WHAT DOES THE LATEST EVIDENCE SAY ABOUT ANNUAL PHYSICALS?
HINT:  THE SAME THING YESTERDAY’S EVIDENCE SAID

regular phusical examination checkup

Antonio Corigliano – Chiari/Italia – Pixabay

A physical exam [Checkup] is a pretty meaningless thing to have done.   Dr. Doug Campos-Outcalt, chairman of Family, Community, and Preventive Medicine at the University of Arizona College of Medicine, speaking about this study in relationship to similar studies.
When it comes to maintaining good health, what have you heard your entire life?  No, let me rephrase that question.  What have you had drilled into your head as being a matter of life or death since you were old enough to remember?  Get your yearly physical!  Wives nag husbands to make a doctors appointment.  Women are told to visit their female doctor yearly.  Truck drivers have to get a yearly physical just to be able to keep a commercial driver’s license.  Most parents would never dream of not doing their prescribed “well-baby-visits”.   And to top it all off, recent evidence shows that nearly 19 out of 20 practicing physicians (94%) say that these various forms of “Checkups” are, “Highly Necessary” to maintaining good health.  But as I have proved to you over and over in my blog, the medical community continues their loss of credibility while allowing the gap between their Scientific Research Community and their Treating Physicians to grow.  What does the most current medical research say about this issue?  The same thing it’s been saying for years!  The truth of the matter is that this study is really nothing new.  It’s just another proof that EVIDENCE BASED MEDICINE is largely a myth.

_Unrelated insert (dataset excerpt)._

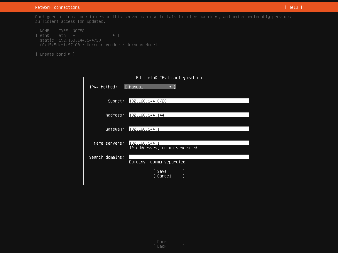 I wont cover the whole installation process as it is pretty straight forward. When you get to the network connections section set a static IP according to your LAN settings. The below screen shot is an example.

My brother and his wife (both M.D.’s) were visiting us about three years ago.  We were sitting on the front porch when I asked them both about a piece I had recently seen on the local news.  The story was about the fact that yearly physicals were no longer recommended by numerous medical organizations and groups.   The story did not go into a great deal of detail as to why this was true, so I asked the medical experts themselves.  Their answer — straight from the proverbial horses mouth….  They said that there is overwhelming evidence that regular physicals lead to way too many False Positives and False Negatives.  False Negatives tell your doctor that you’re fine when you’re not.  False Positives tell your doctor that something is wrong with you when, in fact, you are fine.  It’s the False Positives that are driving this latest wave of research.

There is good reason that False Positives are the force behind the medical community’s message that many of our current ‘do-or-die’ medical tests are not good tests to have done on a yearly basis.  What are some of these tests?  PSA tests are not a good yearly test for detecting Prostate Cancer.  Neither are yearly mammograms a good thing.  Or yearly colonoscopies.   In fact, in recent years, the U.S. Preventive Services Task Force has recommended against broad-based testing of any sort in the general population on a yearly (regular) basis. 

You see; when a particular test tells the examining doctor you may have a certain disease or health problem, other tests are immediately ordered.  Not only are these tests usually expensive, they are often invasive — sometimes very invasive.   One of ‘Medicine’s’ dirty little secrets is that many of these tests are so invasive that they are a actually themselves a threat to human life and health.  And because of the massive numbers of False Positives associated with all of these tests (another dirty little secret), people end up going through expensive and invasive treatments that were never needed in the first place. 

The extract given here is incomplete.